Here’s the biggest problem with it. The lack of a good tool. In order to save some money, I bought an iPad 2, not knowing there would be a lot of nice pressure sensitive add-ons that would be coming out last year for the iPad 3 and beyond. That sucked, as my biggest gripe with using the iPad for drawing is that there is no sensitivity– which yes, I knew going in, but when the option is there but I can’t get it, is frustrating to say the rest.

And then there’s the whole “pen” thing. The Wacom pen is awful. Any pen is awful with that sponge for a tip. It takes away all precision in a drawing. For Christmas this year, in another effort for me to not regret getting the iPad for drawing, I got the JotPro, which works much better, yes. But that tip is still frustrating. There is still a lack of precision, although that lack is a much smaller margin, I will admit. The JotPro has another downfall: the tapping. Drawing on the iPad, no matter how lightly you touch the screen, you hear the tap tap tap tap.

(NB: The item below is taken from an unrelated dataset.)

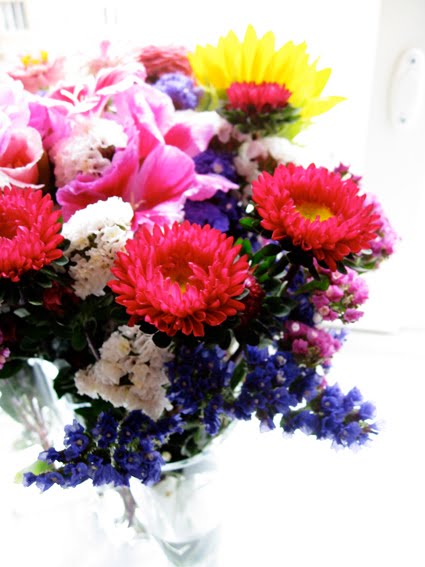 Ystävä kävi eilen kylässä ja toi ihanan kimpun. Ah tätä värien määrää. Iltapäivällä lähdettiin sitten shoppailemaan joululahjoja (eikö olekin ärsyttävän aikaista, heh). Museokaupoista tuli niin kivoja juttuja vastaan, että ostin nyt jo odottamaan tuonne kaappiin. Tietenkin jotain piti saada itsellekin. Uusi Moleskine ehkä innoittaa töihin paluuta ja Fledstedin Harlekiini-mobile oli kuin tehty meille. Niin ja posteljooni toi uuden jatkojohdon. Ei nyt haittaa piuhat lainkaan.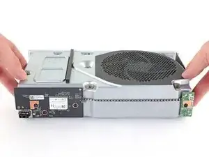 Расположив нижнюю часть Xbox перед собой, оттяните два нижне-задних угла пластикового корпуса друг от друга.

And it will scratch scratch scratch your screen as well. Yes, I have a shield on it, but some of the scratches in the shield are so deep, I’m worried what the tablet’s face will look like when I take it off. I do like using the JotPro, but it’s not a replacement for the more traditional Intuos I have for my real computer. And seeing as the Intuos doesn’t have a screen, and that’s my biggest disconnect with the Intuos, the iPad has not warmed my heart.

Now this makes it sound like I hate my iPad, which is the exact opposite. It has been incredibly useful at work, and for working on this site in particular, thanks to the WP app. I’ve read dozens of books and comics on the iPad, and have lost many MANY games of Catan. It’s great as a computer on the go, especially when it comes to reading and writing.

But as an art tablet, it’s not there yet.